A composite indicator whose value is calculated from the heatmap variables has also been compiled of the individual cyclical indicators. The variables of the composite indicator have been weighted as follows: the weight of the sub-indicators of the Economic Sentiment Indicator (ESI) is 40% and that of each of the remaining variables is 10%. Thus, half of the weight is derived from real economic variables and half from sentiment indicators. The weights of individual variables of the ESI’s sub-indicators are updated in relation to each other according to the relative weights used by the Commission. The accurate weights are indicated in the table above.

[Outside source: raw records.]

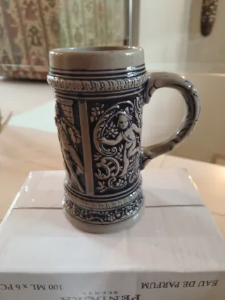 Jarra de cerveza de estilo austriaco, con un diseño detallado y un asa. - Cerámica con relieve. - Decoración en azul y gris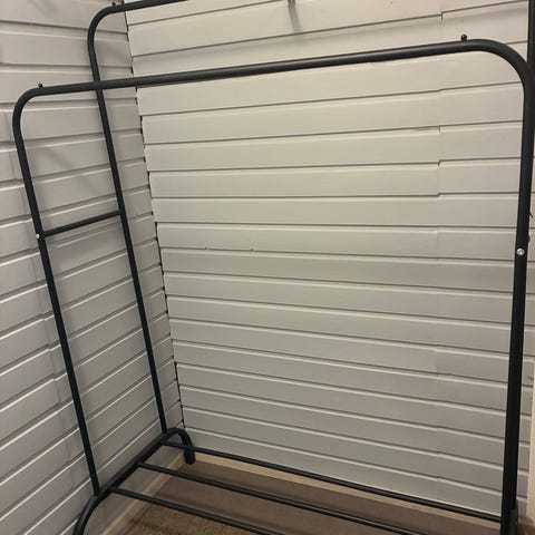Kuvan pienempi vaateteline, kevyt musta Sotkasta hankittu teline. Korkeus n.120cm. Ollut välillä ulkona, hieman ruostetta ruuvien kohdalla.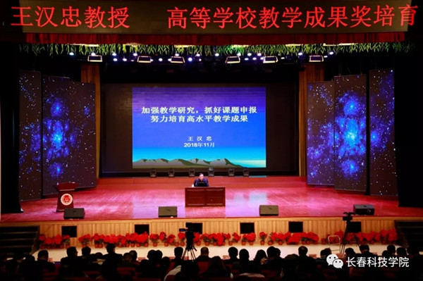 11月15日,长春科技学院东鳌学术论坛国际会议中心内座无虚席,山东协和学院盛振文教授、山东农业大学王汉忠教授分别以《创新创业教育与应用型人才培养》和《加强教学研究,抓好课题申报,努力培育高水平教学成果》为主题在这里作报告。长春科技学院董事长张电达及校党政领导班子成员参加报告会,精彩的报告吸引了来自校内的教职员工、校学生会、社团联合会、大学生创业联合会学生干部总计共1000余人现场聆听。长春科技学院校长主持了本次报告会。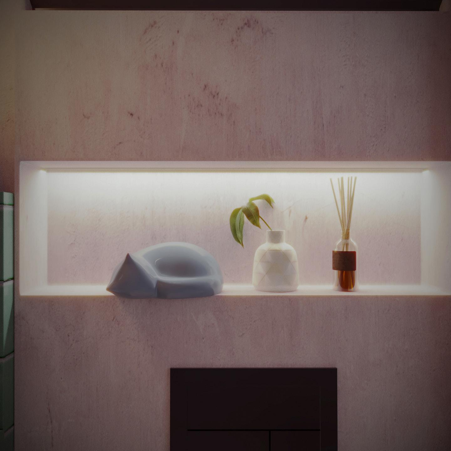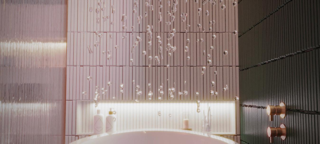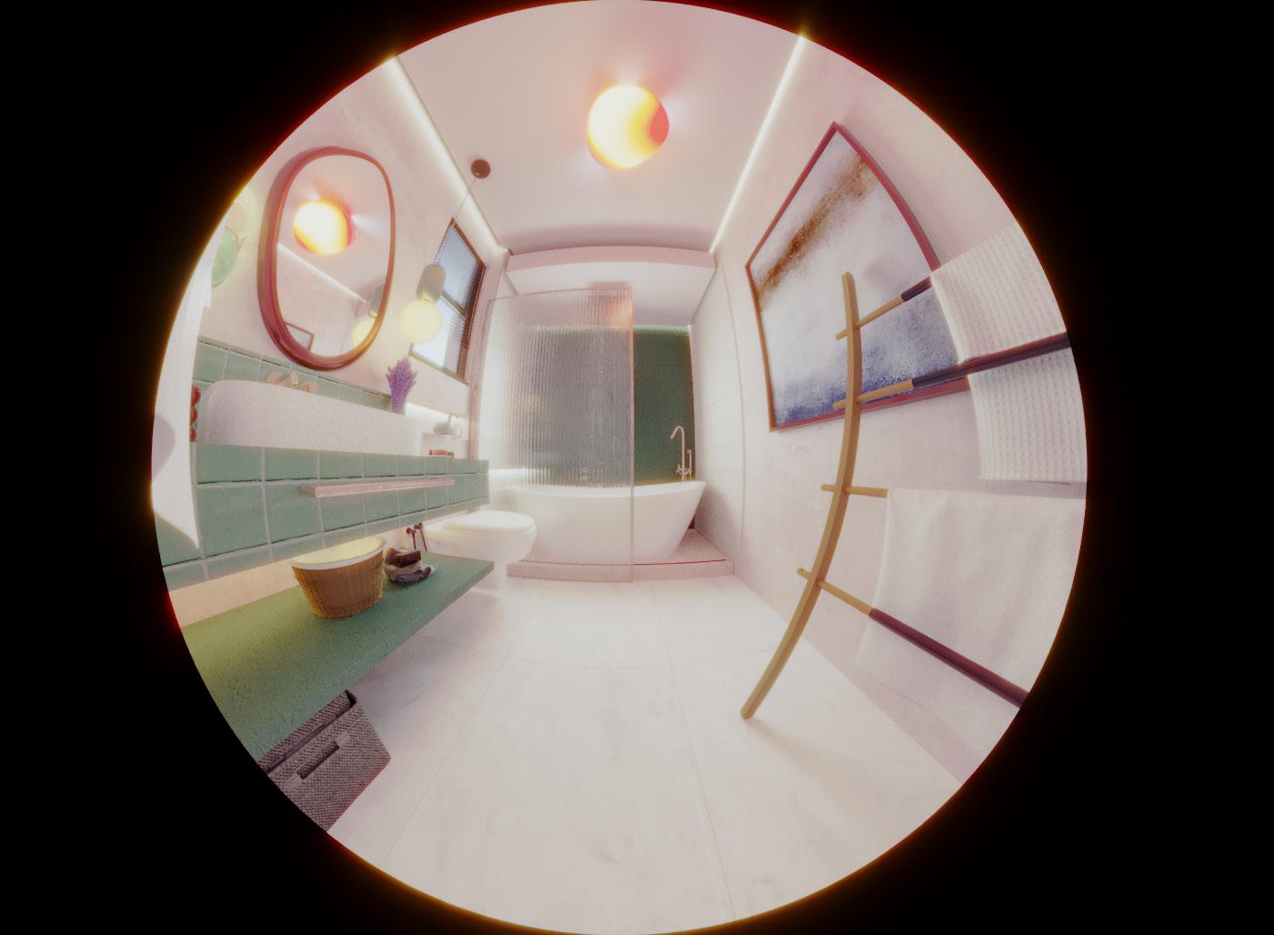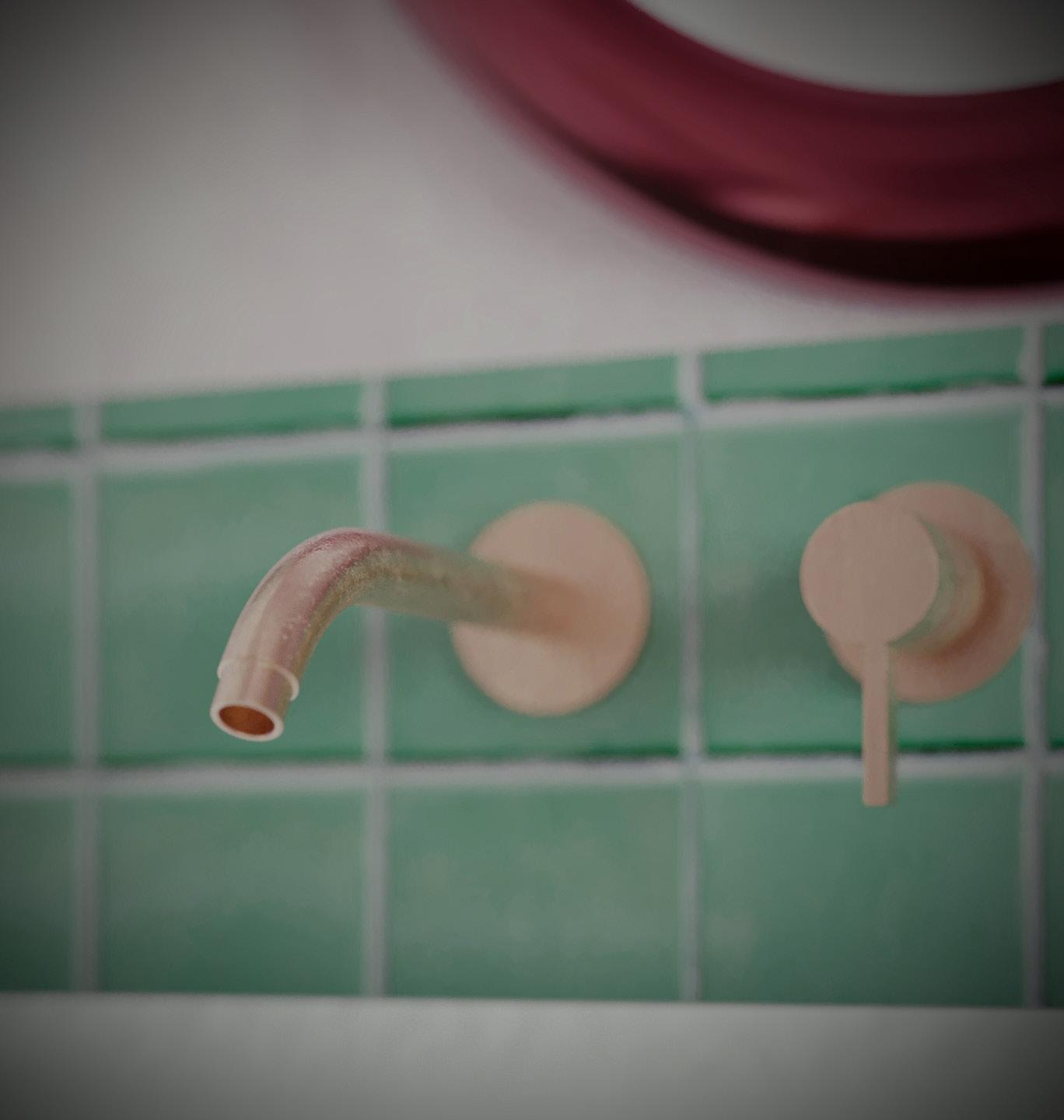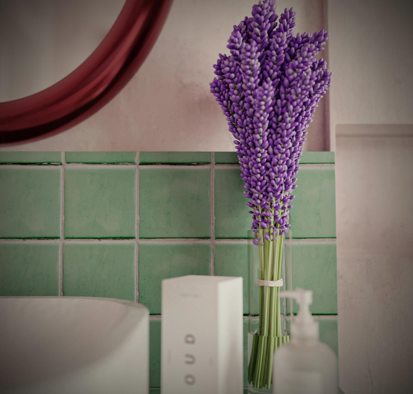 The bathroom an example of my philosophy, with an organic colour scheme featuring green tiles to create a calming ambiance around the bathtub. A naturally curved mirror at the sink adds refinement, while bright maroon accents complement the design. Every detail has been thoughtfully selected to create a luxurious, relaxing experience.
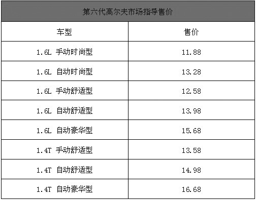 2009年10月19日,結束了歐亞大陸的長途跨越,完成了對完美城市的探尋與交融,人們期待已久的第六代高爾夫終于在長春正式宣布上市。第六代高爾夫共推出了1.6L和1.4TSI兩種排量、八款車型供消費者選擇,兩種排量的發(fā)動機都可匹配7速DSG雙離合自動變速箱和5擋手動變速箱,售價11.88萬-16.68萬元,具體售價如下表:第六代高爾夫市場指導售價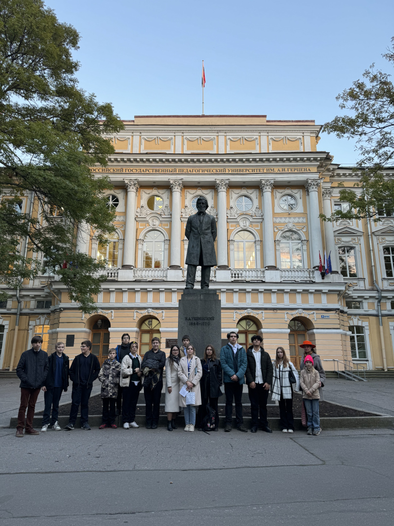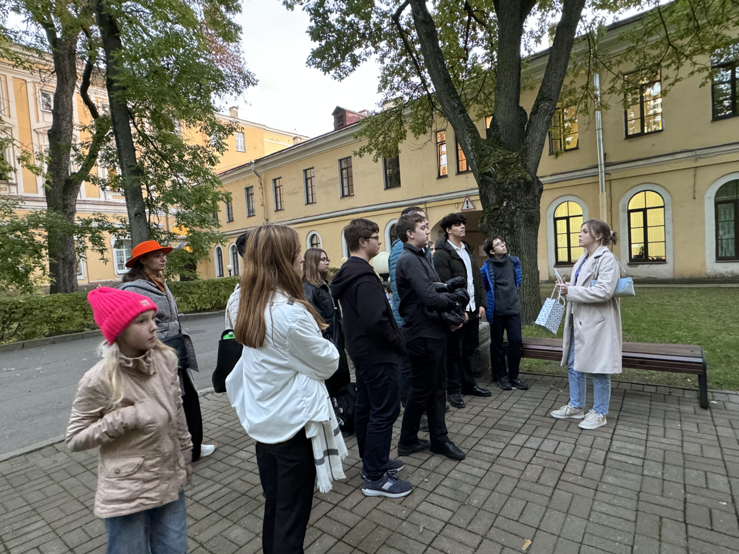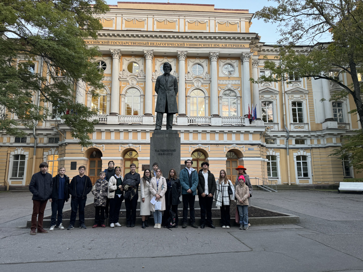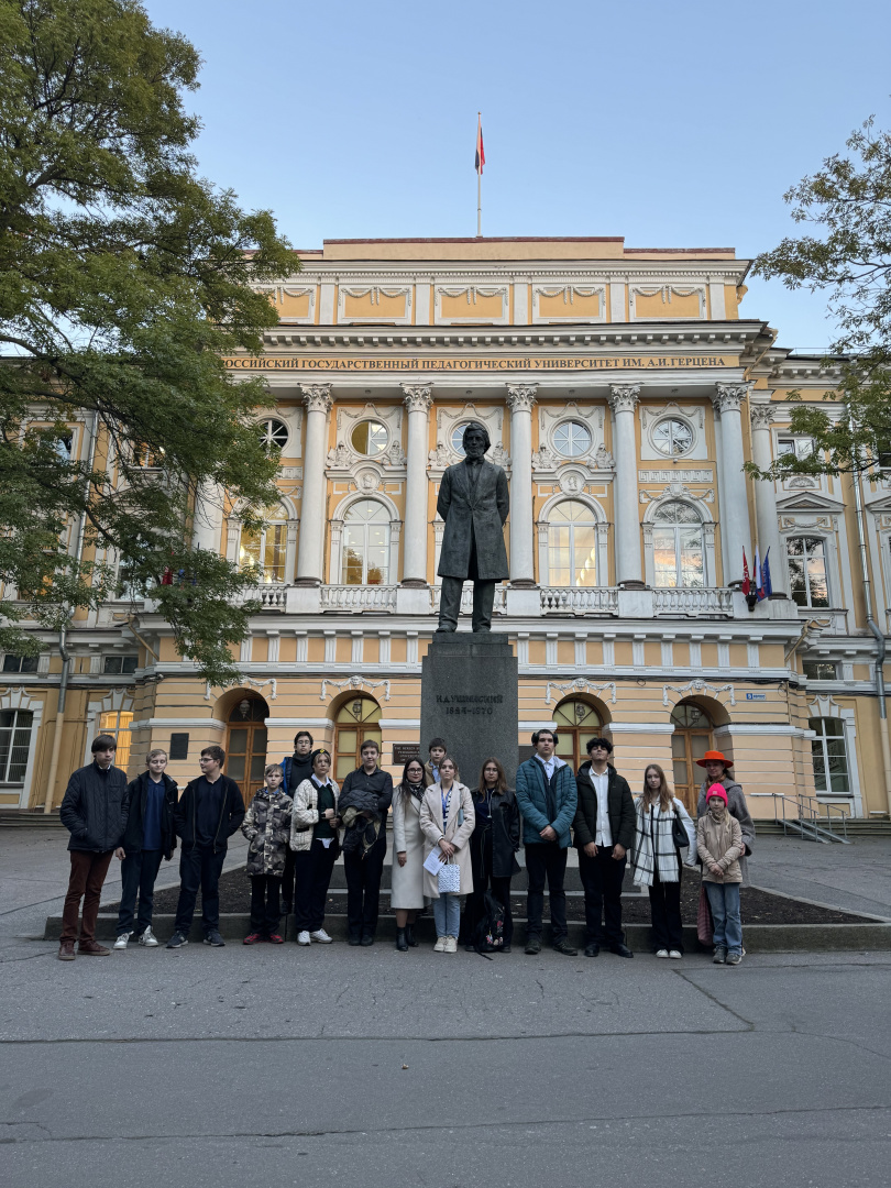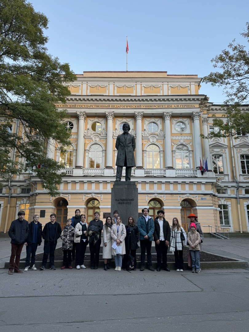 Завершающая часть квеста прошла как «путешествие по университету»: учащиеся познакомились с историей городских достопримечательностей, проследили развитие старейшего педагогического вуза страны — от зарождения воспитательного дома в XVIII веке до событий современной студенческой жизни. В ходе прогулки участники также коснулись трагических страниц истории университета: роли студентов и сотрудников в Великой Отечественной войне. Именно это сочетание аналитики и локального контекста помогло школьникам закрепить полученные знания и увидеть историю как живой, многослойный процесс.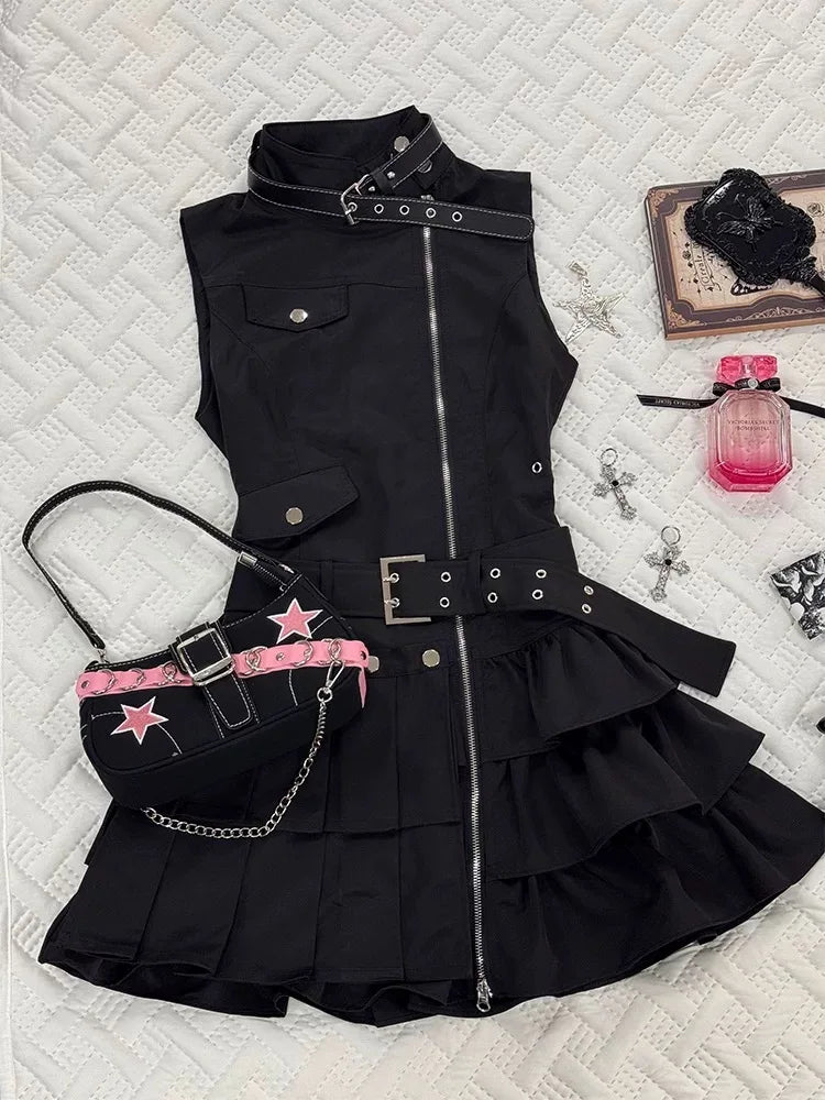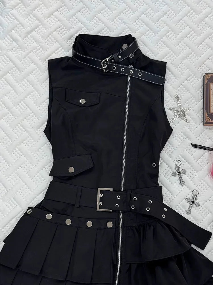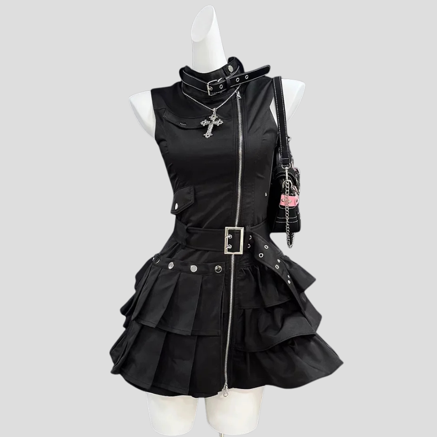 Női fekete gótikus ruha csíkokkal, cipzárral és fodrokkal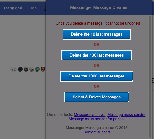 - Bước 4: Đăng nhập vào giao diện Messenger rồi nhấn vào biểu tượng Messenger Cleaner thì bạn sẽ thấy thông báo có 2 tùy chọn: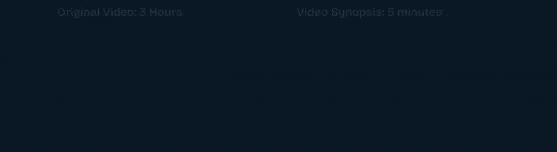The original three-hour video (left) is condensed into a five-minute Synopsis (right), showing events that occurred at different times within a single, time-stamped view.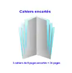 Après pliure les cahiers peuvent être encartés pour une piqure à cheval sur le pli avec du fil métallique agrafé (brochure, hebdomadaire).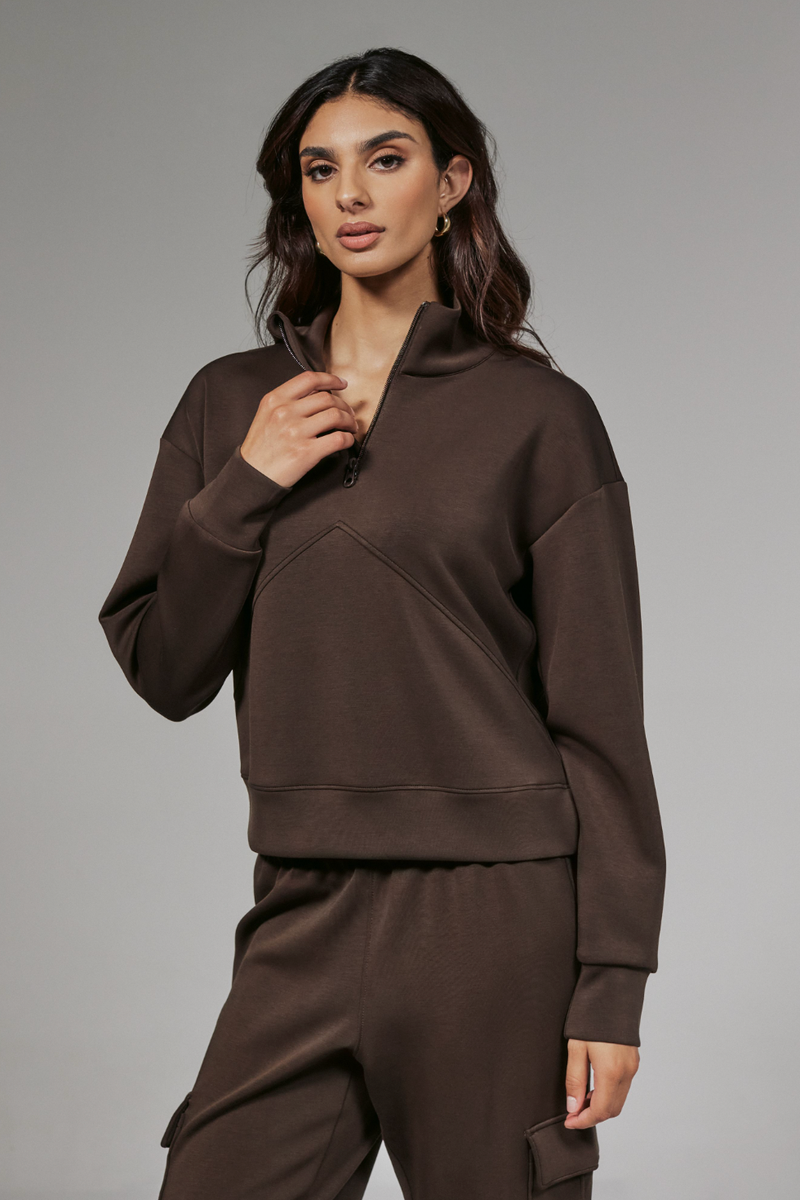 7DIAMONDS - REV™ Crop Quarter-Zip Pullover in Mocha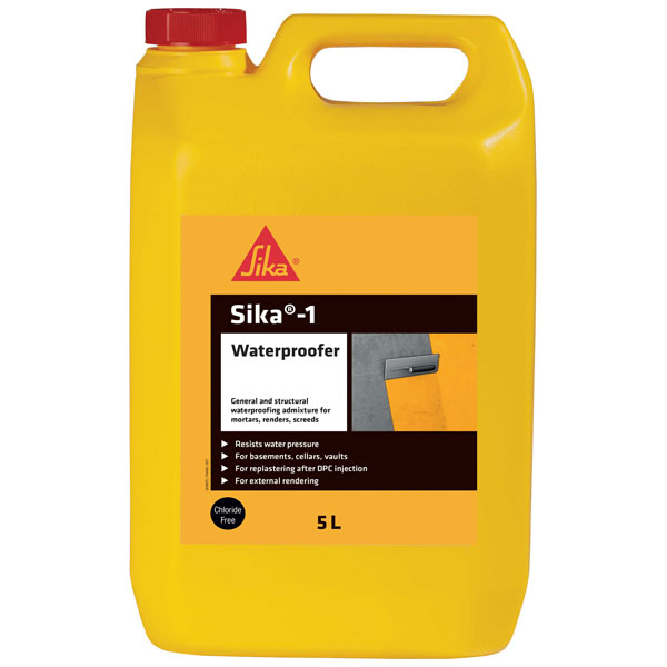Everbuild Sika-1 Waterproofer is an aqueous solution containing complex colloidal silicates. In the presence of water these swell and block the capillaries and pores in the applied sand/cement renders, screeds and mortar to provide an effective barrier against the transmission of liquid water.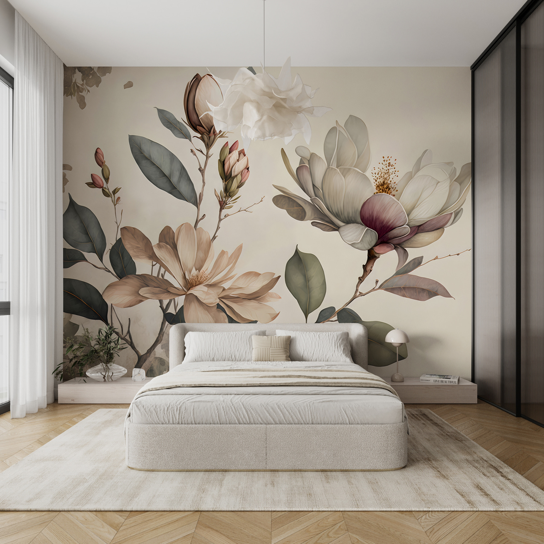 Magnolia bloemen brengen gratie en elegantie in elke kamer, nietwaar? Deze muurschildering is alsof je een stukje serene natuur in je woonruimte hebt. Perfect om een vleugje verfijning toe te voegen zonder te overdrijven. Stel je voor dat je een kamer binnenloopt en begroet wordt door deze zachte bloemen. Het is als een warme knuffel van Moeder Natuur. Of het nu de woonkamer, slaapkamer of zelfs een gezellige leeshoek is – dit zal iedereen die binnenkomt charmeren. En wie geniet er nu niet van een dagelijkse dosis bloemenpracht?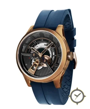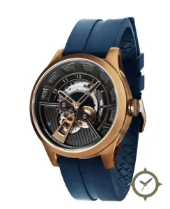 Eine Skelett-Uhr mit einem markanten 46.5mm Auftritt am Handgelenk, gefertigt aus Gold mit einem Zifferblatt in schwarz und einer besonderen "open-worked (skeleton) with textured/grained sections"-Oberfläche.

Figure 1 shows the composite indicator values per month and per year. As shown in the figure, the monthly composite indicator illustrates the cyclical conditions much more sensitively than the annual indicator. This is particularly evident in the observations of 2020 and the accuracy with which the indicator reacted to the Covid-19 crisis. As is clear from the figure, the monthly indicator was very sensitive to the sudden economic stop in Finland in April 2020.
Composite indicator and output gap
Figure 2: Annual composite indicator and output gap
Figure 2 shows the observations of the heatmap’s annual composite indicator and the NAOF’s output gap estimates for autumn and spring 2020 and autumn 2019. The figure focuses on the years 2006–2020, but you can modify the period shown. The figure shows that both the composite indicator and the output gap often develop similarly, even though there are differences, too. Output gap estimates can be specified to a great extent in different rounds, which can be seen in the figure by comparing the estimates of the different rounds.
The NAOF’s fiscal policy monitoring team also compares the composite indicator with the output gap. Figure 2 illustrates not only the composite indicator but also the output gap for autumn 2020, spring 2020 and autumn 2019, calculated by the NAOF using the European Commission method. The output gap is the difference between potential output and actual output, or GDP. The NAOF estimates it using the production function method shared by the Commission and the Member States. The output gap is estimated on the basis of the data available at the time. When the statistical data and forecasts are specified, the picture of the economic cycle can sometimes change considerably (cf. the estimates of autumn 2019 and spring 2020). The difference and benefit of the heatmap and the composite indicator based on it over the output gap series is that the heatmap is based solely on statistical data that are usually updated only to a small degree.
Sources: The NAOF, the Estonian Fiscal Council, the producers of the source statistics, i.e. the Ministry of Economic Affairs and Employment (MEAE), Statistics Finland, the Confederation of Finnish Industries (EK) and DG ECFIN, and Macrobond. The heatmap is based on the economic heatmap developed by the Estonian Fiscal Council.